Since the development of parallel supercomputers, the number of included processors has been continuously rising. The hardware component that is responsible for the connection of processors is the interconnection network (a.k.a., interconnect). Hypercubes [1] were a popular topology for the interconnection network of massively parallel systems in the eighties. Intel developed, for instance, the iPSC supercomputer series, with the iPSC/1 device connecting 32 to 128 cores: the iPSC/d5 is based on a five-dimensional hypercube, hence connecting $2^5=32$ cores; the iPSC/6 is based on a six-dimensional hypercube, hence connecting 64 cores, and the iPSC/d7 128 cores. A similar approach was followed by the nCUBE company that built, for example, the nCUBE 10 device, which is based on a 10-dimensional hypercube, hence connecting 1024 cores.

Nowadays, machines of the megaFLOPs era, such as the nCUBE, have been replaced by ones featuring a computing power of several petaFLOPs, and with even the exaFLOP barrier possibly being reached as soon as 2020 by the Cray company [2]. Regarding the number of processors embodied, modern massively parallel systems rely on hundreds of thousands of them. One step ahead, the Sunway TaihuLight supercomputer, ranked world number one in June 2017 and second as of June 2018 [3], includes more than one million cores. Considering this very large number of processors, it is easy to understand that data communication efficiency and interconnection networks in general are critical to achieving the highest computing performance. Indeed, in the case of suboptimal core interconnection and data transfers, bottleneck situations would inevitably arise, inducing underused cores.

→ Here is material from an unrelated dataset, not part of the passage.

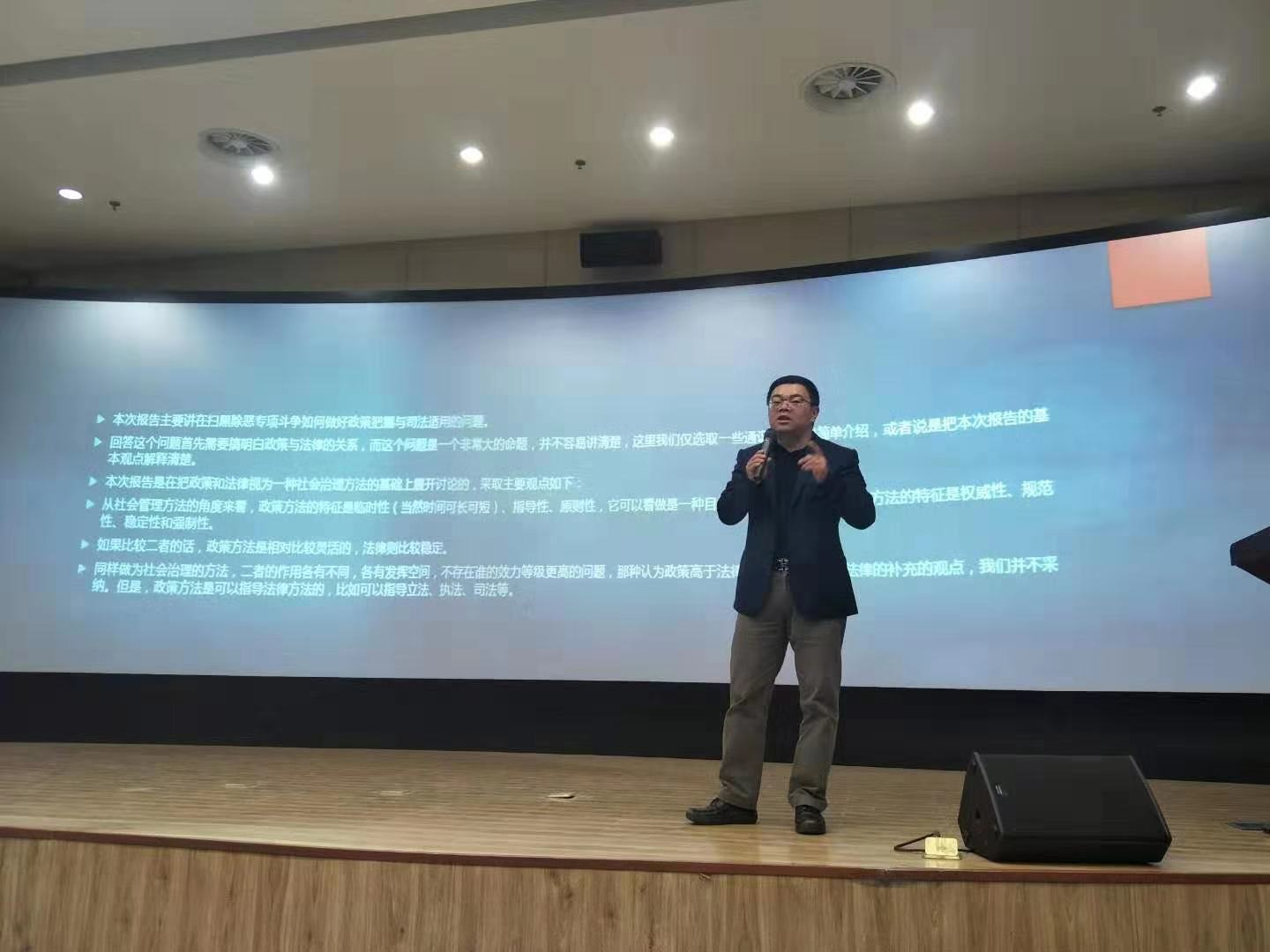 袁雪老师从2017开始参与由教育部和中央政法委组织的“双千计划”,到郑州市公安局犯罪侦查局法制处副处长,结合两年来的工作和多年的教学经验从法律角度分析了何为黑恶势力,身边的黑恶形式以及在对待黑恶势力如何做好政策把握与司法适用的问题。他认为当下黑恶势力的具有有组织性,经济性,暴力性和非法控制,并对现有常见的形式如黑120,黑保安,黑物业,黑网贷等进行分析和讲解。为同学们甄别和远离黑恶势力提供指导。

Just as complete networks are not practical as interconnection networks of massively parallel systems given the prohibitively high number of edges per processor induced, hypercubes are no more a solution considering the number of nodes involved. Precisely, the vertex degree in the case of a hypercube becomes rapidly impractical as n edges per vertex are required for the hypercube to connect, in total, $2^n$ vertices. As a result, various topologies designed for interconnection networks have been introduced. For example, Li et al. proposed the dual-cube [4] and metacube [5] topologies, both based on hypercubes. The star-graph [6] is another topology example, this time based on permutations, which was used to introduce other topologies, such as burnt pancake graphs [7].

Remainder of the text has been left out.